• Unit 1: Know Your Purpose

    To be an effective writer, it is essential to identify the purpose or goal of your communication – whether you are writing for your own personal reasons to entertain a friend or convince a local politician, or you have been given a job assignment to sell the services of your company to a wealthy business client. What message do you want to convey? If you are unclear or uncertain about what you wish to accomplish, your readers will find your writing confusing and difficult to comprehend. Your local politician may follow an unwanted course, or your wealthy business client may move on to a more articulate competitor.

    In this unit, we examine several rhetorical models the Ancient Greeks adopted to help create a framework for what they wanted to achieve during their discussions. What is your purpose? Are you writing to persuade, inform, analyze, or express? In most cases, you should incorporate several elements of these rhetorical strategies to help you get your point across most effectively. But your purpose must be clear – so you can effectively explain or pitch it to your audience.

    Completing this unit should take you approximately 3 hours.

    • 1.1: What Is Professional Writing?

      How does professional writing differ from other kinds of writing? How we define this writing style helps us focus on expectations. Before we explore professional writing specifically, we need to understand how it fits in the world of communication.

    • 1.2: What Is Your Purpose?

      We typically write professional documents to motivate action. For example, we write memos to convince our colleagues to act; design a company website with text, images, and video to showcase why customers should buy our product; and prepare a resume and cover letter to convince an employer to hire us.

      There are four general approaches to writing: to persuade, inform, analyze, and express. Notice the deep connections between these four writing strategies. For example, a writer may use expressive writing to move their reader emotionally to persuade them to support a cause. They may combine expository writing techniques with an analytical approach to provide a narrative account of a significant controversy – breaking the elements down to explain the known facts and unstated assumptions of the situation. We seldom use just one mode. Effective writing – in the digital realm and elsewhere – blends and balances them all.

    • 1.3: Writing to Persuade

      The art of persuasion lies at the heart of rhetoric and is fundamental to communication. We use persuasive strategies to affect another person's attitude or behavior and begin learning how to persuade as children – when we ask our parents to buy us a toy or let us stay up past our bedtime. As adults, our professional and private lives put us in a position to persuade and be persuaded by others.

      Here are some professional situations where a persuasive approach is useful.

      • You want your reader to buy a product or service.
      • You want your reader to believe an idea, proposal, or sales pitch.
      • You want your reader to support a politician or political position.
      • You want your reader to donate money or support a group or cause.
    • 1.4: Writing to Inform

      Explanatory or expository writing seeks to define or explain something – it may be a topic, process, event, or phenomenon. Writers use expository writing to explain what happened, how something works, or how to do something. For example, we use an expository approach when compiling a report on the current business environment or explaining a recent medical breakthrough.

      Here are some professional situations when an expository writing approach is helpful.

      • You want to establish the facts of the matter for the reader.
      • You want to explain a concept, an issue, or an event.
      • You want your reader to understand a process or follow a step-by-step procedure.
    • 1.5: Writing to Analyze

      Analytic writing examines, probes, dissects, and picks things apart.

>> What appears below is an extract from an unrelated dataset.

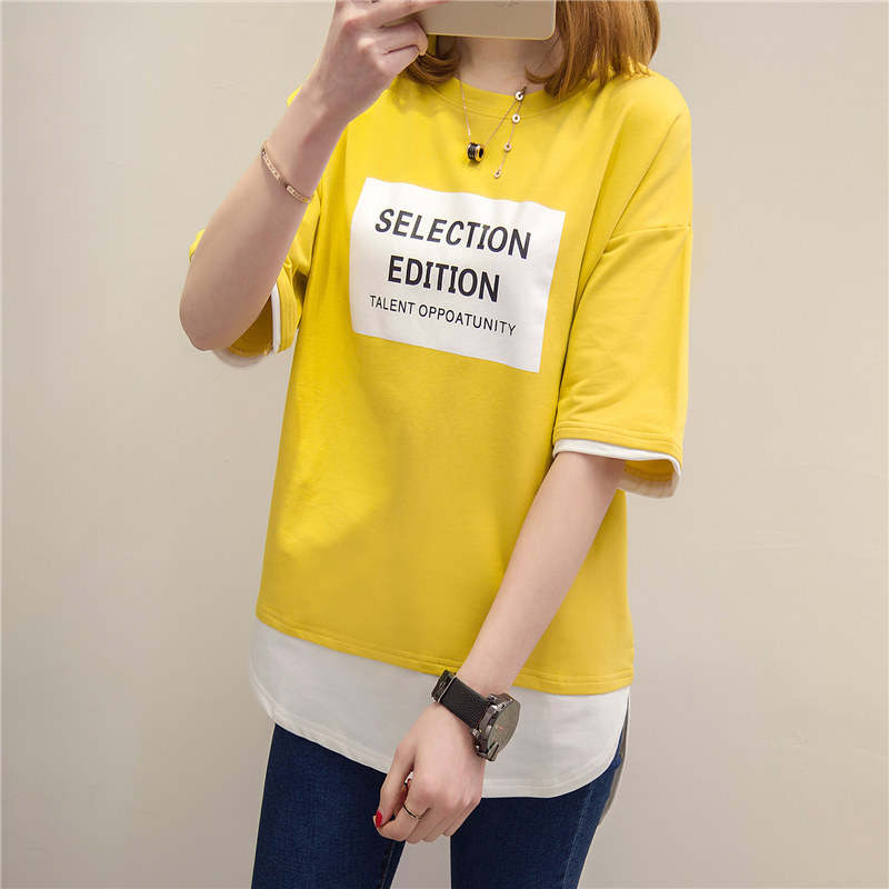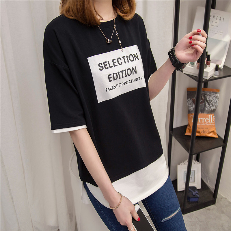 短袖t恤女上衣寬松韓版體恤假兩件中長款體恤夏裝新款女衣服
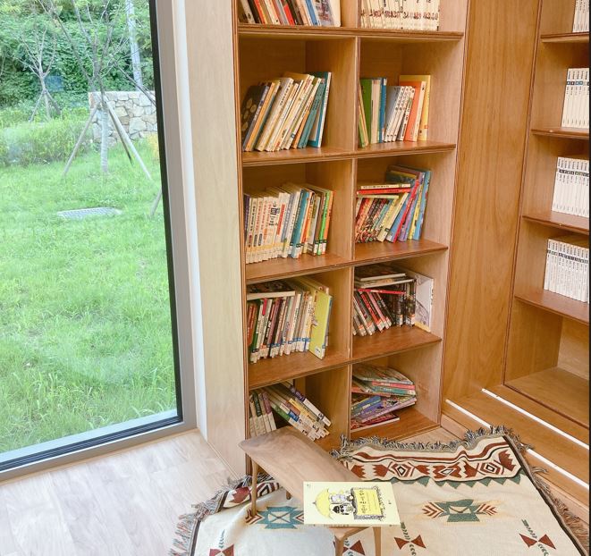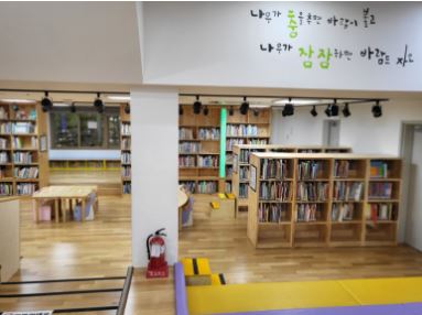 오른쪽으로는 작은 도서관이 자리하고 있는데 여러 테이블, 의자와 함께 마룻바닥으로 된 넓은 열람공간이 눈에 띕니다. 열람 공간은 전면 통유리창으로 되어 있는데 천왕산의 숲과 나무가 한눈에 들어와서 자연 속에서 책을 읽으며 마음의 위안을 얻을 수 있는 아름답고 따뜻한 공간입니다. 그 외 책 쉼터 주변으로 해먹이나 나무로 된 의자들이 조성되어 있어서 아이들이 자유롭고 편안하게 책을 즐길 수 있습니다.

This thinking examines issues, events, ideas, statements, and propositions in-depth and determines whether the content is explicit or assumed. Analytic writing systematically breaks things down into parts and examines the logical connections and cause-effect relationships.

      Analytical writers use their reason, experience, history, social norms, and a sense of morals and ethics to examine questionable statements.

      Medical experts, journalists, business analysts, political pundits, and book or film critics are high-profile examples of analytical thinkers and writers. However, most of us use these critical thinking strategies in our everyday lives as we question our assumptions and those of others.

      Here are some situations when an analytic writing approach may be useful.

      • You want your reader to reflect on a subject.
      • You want your reader to critique their preconceptions and assumptions.
      • You want to make a systematic, logical case for or against something.
    • 1.6: Writing to Express

      The best expressive writing is concrete, colorful, and unique. Since no two people express themselves in the same way, this form of writing brings out an individual writer's perspective and personality.

      This writing style is useful to more than just artistic writers. Effective expressive writing draws on readers' feelings, imagination, reason, and knowledge. At first glance, expressive writing seems directly opposed to more objective approaches. However, balancing expressive style with objective analysis is the hallmark of a skillful writer – regardless of field.

      Here are some situations when an expressive approach can enhance our writing.

      • You want to challenge, excite or stimulate the reader.
      • You want to dramatize situations or ideas.
      • You want to call on the reader's senses.
      • You want to give the reader the sense that they are there.

      We turn to expressive strategies to move another person – to imagine and remember sights and sensations or make them see and feel experiences beyond their own.